STEP 4. Final PUSH/PULL policy definition. In this stage, according to the breakeven optimal values of a** and EPQ**, it is possible to define the optimal PUSH/PULL policy to adopt for each part i. Figure 10 reports the case study values of a** and EPQ** compared with that of the different parts ai and EPQi, with related optimal PUSH/PULL policy to apply.

The application of the proposed procedure to the plate parts of the case company moved 29 parts of 425 from Push to Pull policy (about 7%). In this hybrid Push/Pull scenario, compared with that of the previous pure Push policy, the total number of stocked pallets at the warehouse decreases by about 27%, while the total setup time increases by about 3.5%. The results demonstrate that the application of the proposed bi-objective optimization model reduces the stocked pallet.

On the other hand, the increase in setup time is lower than in the parts moved from Push to Pull Policy (3.5% versus 7%).

To validate the proposed approach, the case study data are used, comparing the obtained solution toward a milestone MTO/MTS production method: the economic production quantity [34]. The economic production quantity model (EPQ) determines the quantity a company needs produce to minimize the total inventory costs by balancing the inventory holding cost and average fixed ordering cost. The formulation of the EPQ is known and not reported in the paper for the sake of brevity.

Moreover, the single-objective solutions $P_{TOT}$ and $T{A}_{TOT}$ are reported as well. The single objective solutions aims to minimize only one of the objective functions.

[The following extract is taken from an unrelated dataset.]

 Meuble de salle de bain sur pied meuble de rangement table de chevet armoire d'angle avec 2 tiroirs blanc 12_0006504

Figure 11 shows the two-basic function $P_{TOT}$ and $T{A}_{TOT}$ calculated for the two methods. (EPQ versus the proposed bi-objective method). The Scenario proposed by the EPQ model is a dominated solution respect the Pareto Frontier. As consequence, both the objective functions are in this case greater than the optimal solution proposed but the bi-objective model. In fact, the case study is composed by many large parts, with even low demand. As a consequence, the EPQ model has a certain number of items with production batch equal to 1 with a high impact on the setup times. On the other hand, EPQ proposes items with large production batches and high space utilization. As shown in Figure 11 the proposed bi-objective methodology performs better than EPQ for the considered case study.

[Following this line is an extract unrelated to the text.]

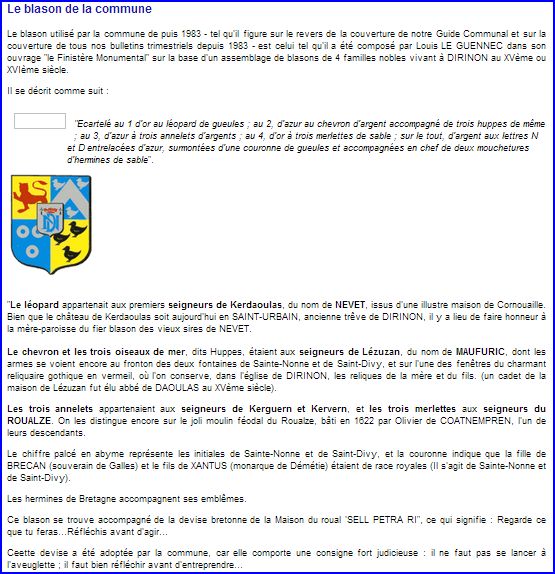 Blason sur le site de la commune, 2012.

Looking at the single-objective functions, it was reported that solutions lie on the Pareto frontier. There can be solutions with the same values of one objective function but greater values of the other. The proposed bi-objective methodology performs better by considering both objective functions at the same time. As shown in Figure 11, with a small increase in one objective function, it is possible to obtain a large decrease in the other.

5. Conclusions

The paper aims to propose a bi-objective mathematical model for the optimization of the produced parts according the MTS/MTO policy. The procedure aims to minimize both the setup time and the storage used space. The case study is referred to the plate parts. The proposed model can easily apply to other parts categories. The model is based on a step-by-step procedure. The inventory parameter $EP{Q}_i$ (number of maximum storable piece in an EPAL) and the production parameter $a_i$ (agility) are calculated for each part. According the two objective functions, Total Setup Time and Total EPAL Stored, the bi-objective optimal point is calculated through the Pareto frontier definition and through the minimal distance to the Utopia point. Finally, according to this optimal value of the two objective functions, the breakeven values of the inventory and production parameters a** and EPQ** are defined.

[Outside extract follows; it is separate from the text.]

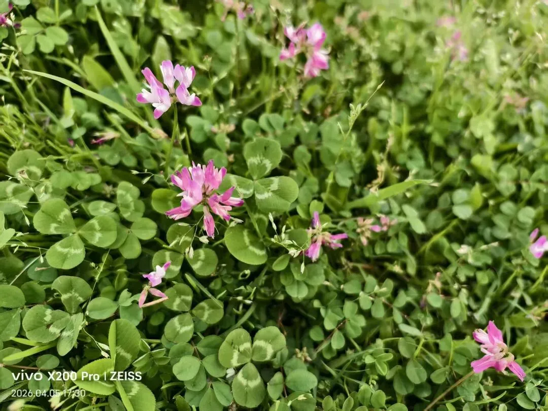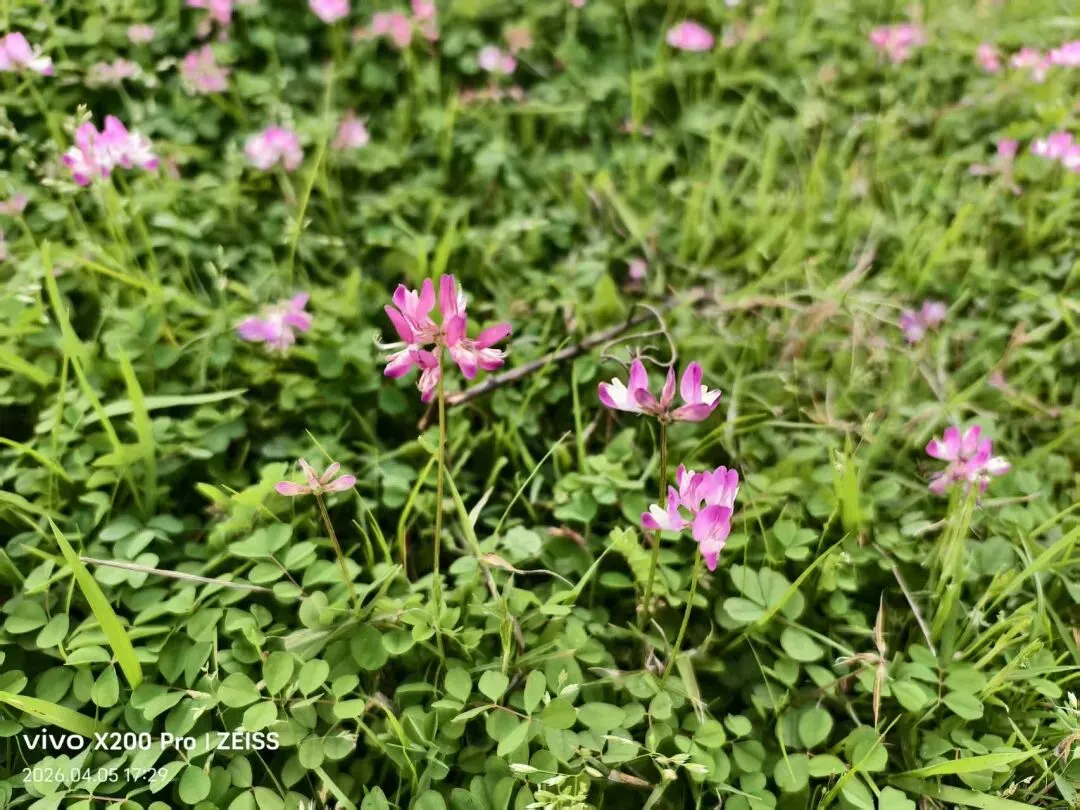 走在江边的草地上,低头一看,紫云英(Astragalus sinicusL.)正开的浪漫,花成片成片的开,占满了草地。

The results demonstrate how the application of the bi-objective optimization model generates a scenario where an important inventory saving is reached, allowing a quick response to the order changes without impacting production. Future research will focus on the extension of the model, where the agility concept is extended also to the supply chain, considering the purchase-to-order versus the purchase-to-stock policies and the related variables and constraints. Moreover, the process variability can be considered in the optimization model, including, for example, variable setup times.